Members of the Seneca Valley teachers union have said no to a request for a one-year pay freeze.
At Monday’s workshop meeting, school board President Robert Hill said he received a letter dated May 6 from Seneca Valley Education Association President Nick Ierino stating that teachers do not want to discuss changes to their contract agreement now.
In September, district officials approved a five-year, early-bird contract for teachers.
“Certainly because of our budget crisis any contribution would have been helpful,” Hill said.
With extensive planned cuts to state education funding across the commonwealth, the district is facing a $10 million dollar shortfall for the 2011-2012 school year. In a 6-3 vote, board members in April approved a proposed budget that includes a 5.6-mill tax increase for residents and the curtailment of a half-dozen district programs to balance the budget.
The spending plan, if enacted, will affect 16 full-time teaching positions and one part-time position. The board already has accepted the retirement of 36 teachers, who will not be replaced. The district’s 49-person administration staff also has accepted a one-year pay freeze.
Board members Joseph Scalamogna, James Welsh and Eric DiTullio voted against the proposed budget.
At Monday’s meeting, school board candidate Jim Nickel, who is running for director of the district’s Region 2 against Vernon “Chip” Sargent, II, asked if officials have dug deep enough into the budgeting process before deciding to raise taxes by 5.6 mills.
Jackson Township resident Tom Murray also said he was unhappy with the millage increase, which is expected to raise $2.75 million.
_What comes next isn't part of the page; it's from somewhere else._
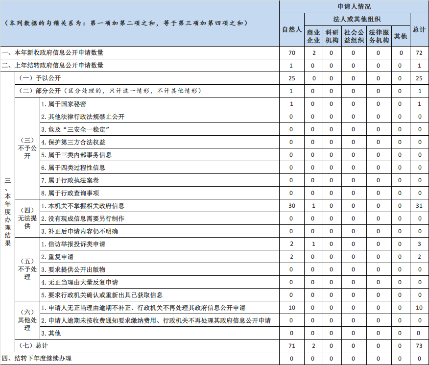 嚴格執行《條例》相關要求,準確運用《泗陽縣政府信息依申請公開制度》,嚴格落實政府信息公開申請登記、審核、辦理、答復、歸檔等工作要求,全年共受理政府信息公開申請72件,承轉上年度辦理1件,其中予以公開的25件,部分公開的1件,屬于國家秘密的1件,本機關不掌握信息的31件,信訪舉報投訴類申請3件,重復申請2件,申請人無正當理由逾期不補正、行政機關不再處理其政府信息公開申請10件,均在法定時限內進行答復,辦結率100%。

Murray, who spoke at the March school board meeting on behalf of residents who do not have children enrolled in the Seneca Valley School District, said the tax hike would harm the area’s retirees and burden its middle class families.
“There has got to be a way to reduce some of these taxes,” he said. “At some point, this has to stop or we’re going to have a real problem with our local economy.”
Officials will vote on adopting the $94 million spending plan at the next school board meeting at 8 p.m. May 16.
The board also will vote on a revised $4.16 million budget presented by the Butler County Area Vocational Technical School for 2011-2012. In March, the board voted unanimously against a $4.34 million budget prepared by the vo-tech school.